►
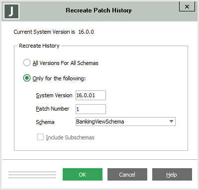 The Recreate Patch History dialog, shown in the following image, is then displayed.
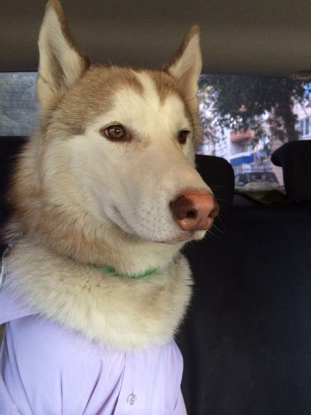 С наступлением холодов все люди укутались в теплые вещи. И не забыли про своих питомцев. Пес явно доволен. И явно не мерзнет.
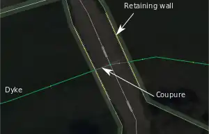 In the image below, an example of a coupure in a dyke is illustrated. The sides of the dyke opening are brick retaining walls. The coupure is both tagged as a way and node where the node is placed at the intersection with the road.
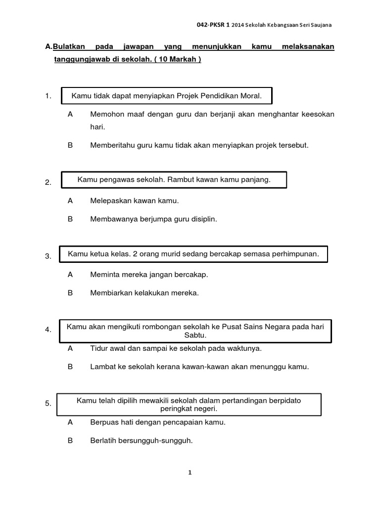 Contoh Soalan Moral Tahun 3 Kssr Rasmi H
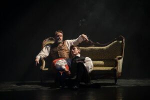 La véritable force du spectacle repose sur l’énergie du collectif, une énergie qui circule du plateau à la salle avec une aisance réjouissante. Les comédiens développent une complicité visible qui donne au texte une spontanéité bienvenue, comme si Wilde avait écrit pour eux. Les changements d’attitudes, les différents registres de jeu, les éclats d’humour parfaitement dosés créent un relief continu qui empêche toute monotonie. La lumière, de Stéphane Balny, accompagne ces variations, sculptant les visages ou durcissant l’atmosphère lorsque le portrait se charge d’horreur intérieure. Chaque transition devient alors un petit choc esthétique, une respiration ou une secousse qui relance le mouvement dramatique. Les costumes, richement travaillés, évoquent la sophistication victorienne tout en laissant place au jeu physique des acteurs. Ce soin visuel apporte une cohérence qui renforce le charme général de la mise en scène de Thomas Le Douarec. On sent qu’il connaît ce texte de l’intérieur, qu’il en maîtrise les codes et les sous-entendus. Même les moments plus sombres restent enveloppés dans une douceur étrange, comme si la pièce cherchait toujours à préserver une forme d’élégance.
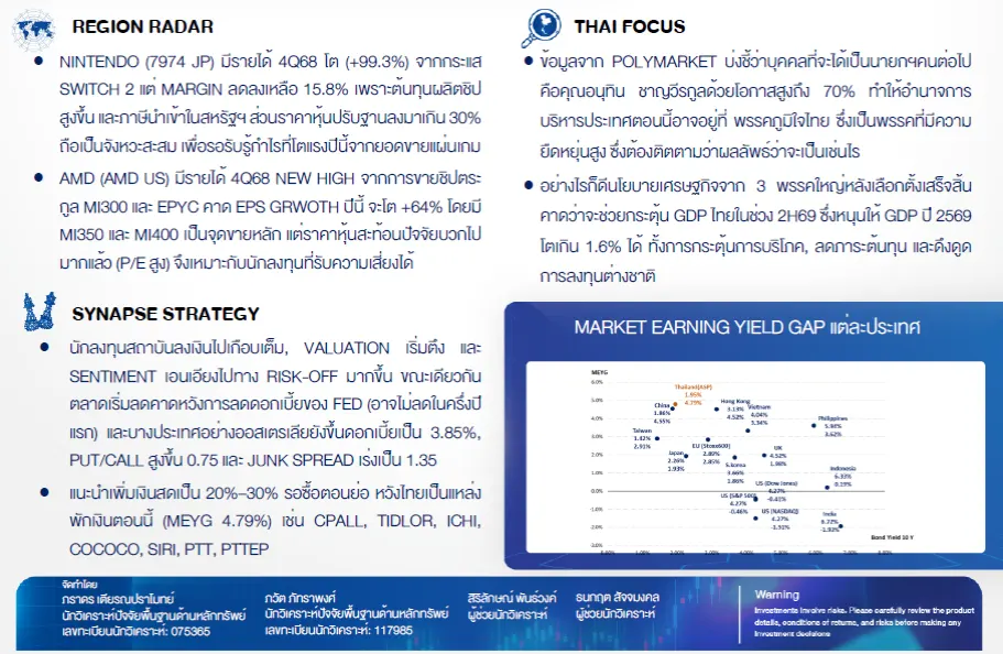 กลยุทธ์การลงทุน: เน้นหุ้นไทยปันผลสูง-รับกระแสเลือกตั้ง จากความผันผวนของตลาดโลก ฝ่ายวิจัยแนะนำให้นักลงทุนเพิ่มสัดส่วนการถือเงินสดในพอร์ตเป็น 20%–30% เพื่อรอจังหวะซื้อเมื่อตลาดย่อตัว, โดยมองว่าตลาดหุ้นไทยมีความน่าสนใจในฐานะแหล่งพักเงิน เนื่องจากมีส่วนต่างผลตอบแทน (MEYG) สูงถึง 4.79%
◄
WORK REQUIRED
Could you output exactly the lines above, from the line with "In the image" up to and including the line with "Contoh Soalan Moral Tahun 3 Kssr Rasmi H", and nothing else, skipping the pictures?

RESULT BELOW
 In the image below, an example of a coupure in a dyke is illustrated. The sides of the dyke opening are brick retaining walls. The coupure is both tagged as a way and node where the node is placed at the intersection with the road.
 Contoh Soalan Moral Tahun 3 Kssr Rasmi H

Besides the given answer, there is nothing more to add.